China ups campaign against artist Ai Weiwei
Chinese officials are escalating their campaign to silence a world-famous artist with a reputation for speaking his mind.
CBS News correspondent Celia Hatton reports that although Ai Weiwei is China's most famous artist, even helping design the country's Olympic Stadium, the government yesterday tried again to pin new charges on him. But these days, he's better known as the Chinese government's most outspoken opponent.
After 2008's Sichuan earthquake, he headed his own investigation asking why schools collapsed while government buildings stayed intact. Since then, he's railed against injustice, pointing out the unfair advantages of China's elite.
Last April, protests erupted around the world when China's secret police detained Ai Weiwei for 81 days. When he was released, he was hit with a $2.4 million tax bill.

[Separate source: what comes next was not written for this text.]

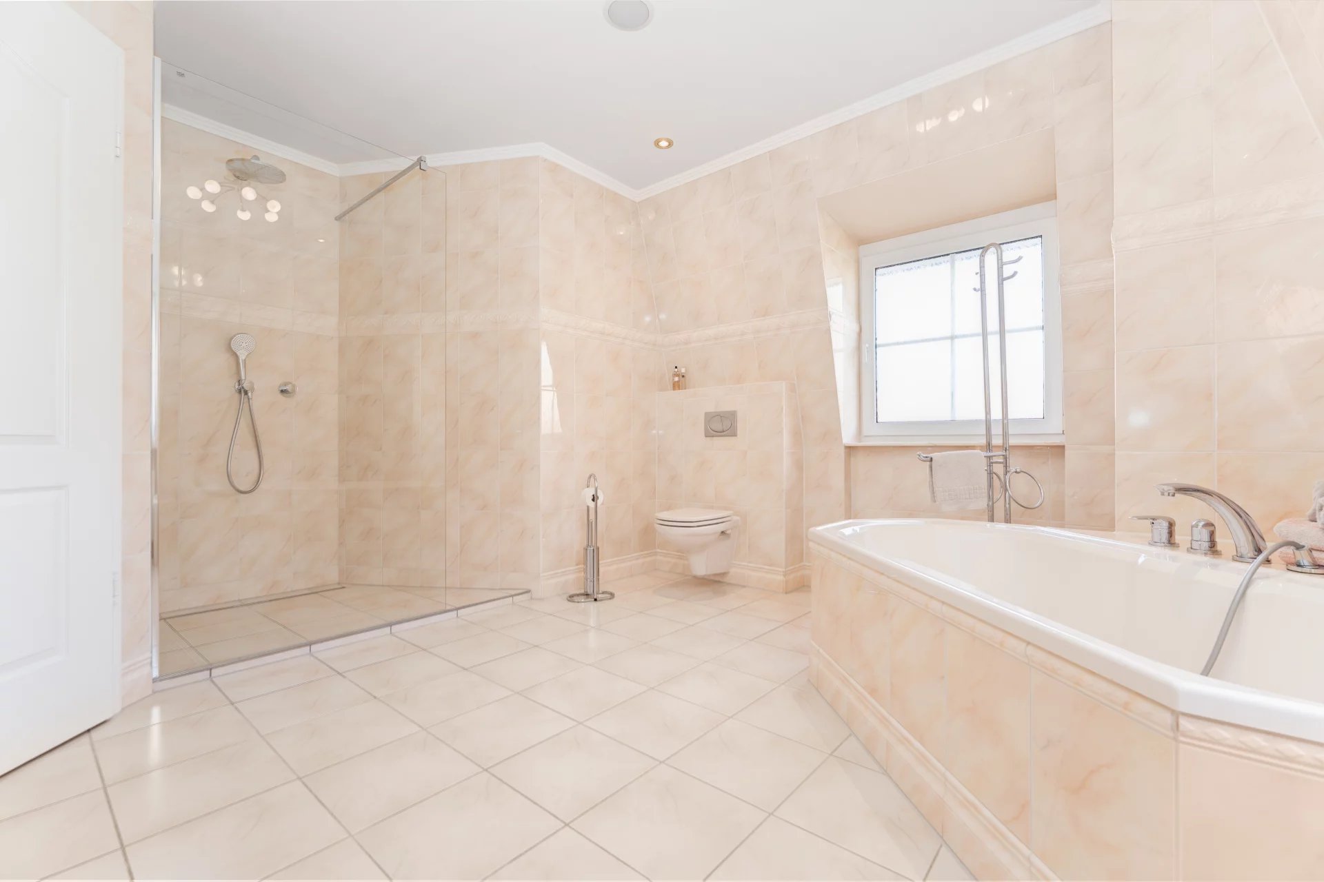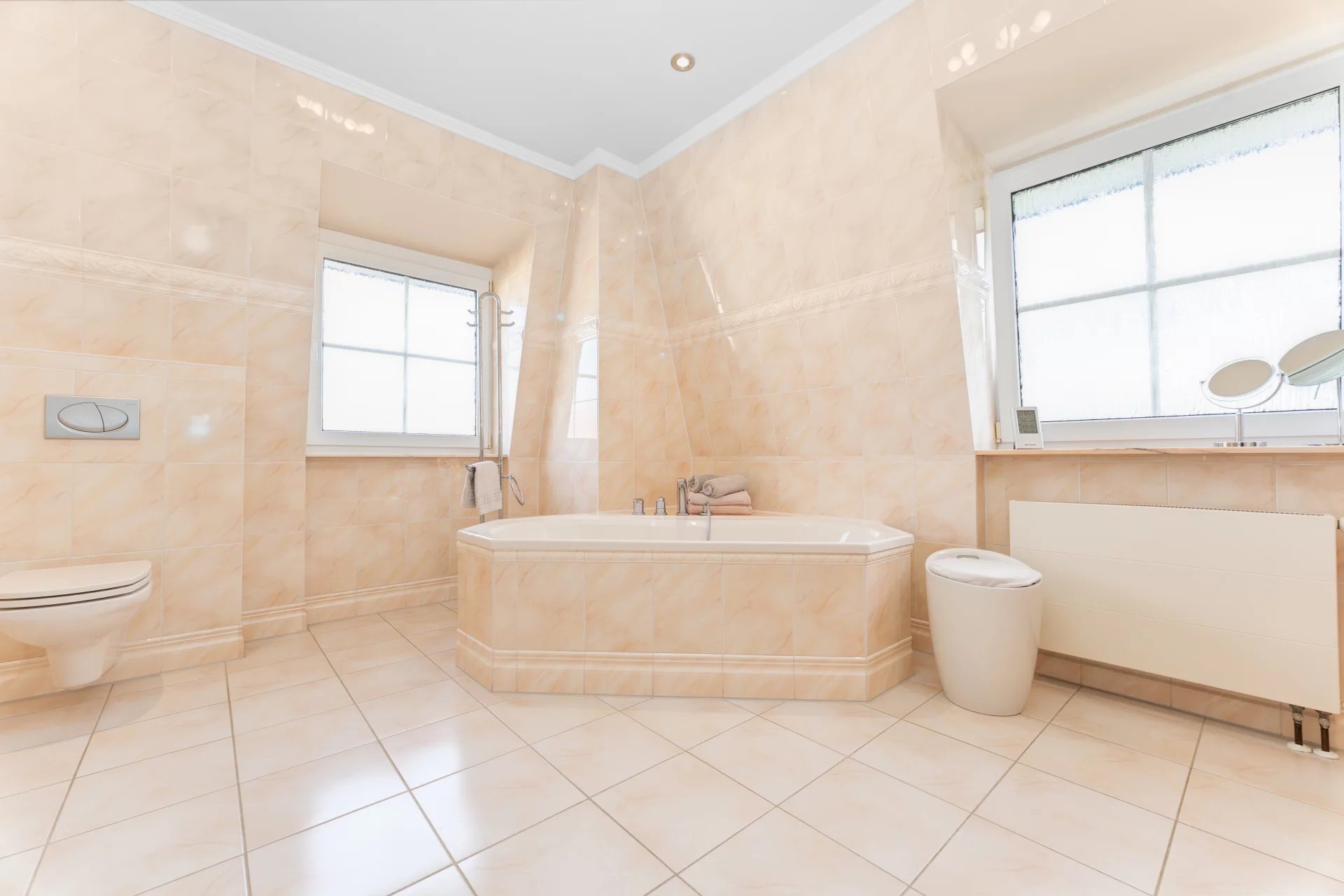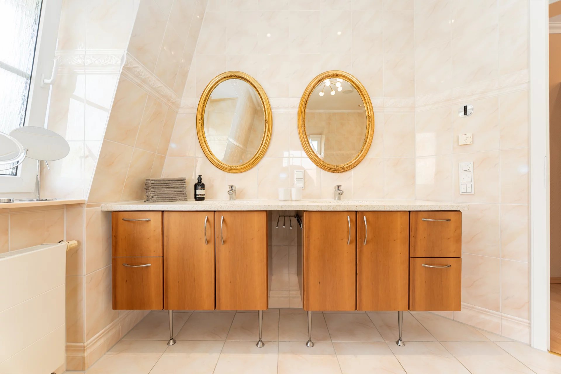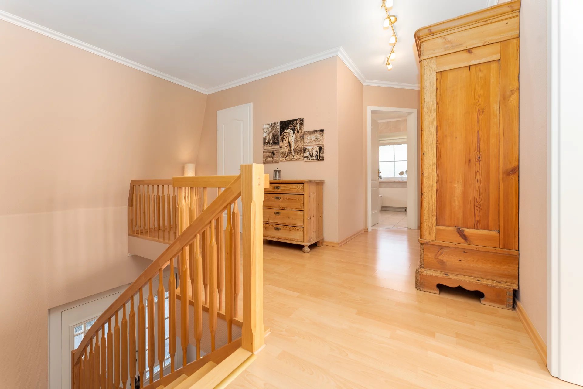 The first impression upon entering sets the tone: a bright, spacious entrance hall with an elegant wooden banister and warm colour tones welcomes visitors and offers a foretaste of the quality throughout the entire home.

In a phone interview with CBS News, he said it was all about revenge for his criticism of China's Communist Party.
"The whole accusation has no base and it's really fabricated by police," Weiwei said.
As anger over the government's harassment of Ai Weiwei spread over the Chinese internet, the artist's office was inundated with 30,000 online donations totaling $1.5 million. Others came in person from across China to Weiwei's suburban Beijing workspace, literally throwing money over the wall into his studio.
Now, police surround the area near his studio, even harassing the CBS crew while we were filming.
Ai Weiwei's not backing down. To legally launch an appeal, the artist had to hand over a third of what officials say he owes.
"More or less, I was like a hostage half a year ago. Now I pay the ransom and I feel I was robbed," Weiwei said.
On Friday, police opened a new investigation into charges that the artist and his assistant are manufacturing pornography involving nude portraits of Ai Weiwei and adult women - photographs that have been on the internet for over a year.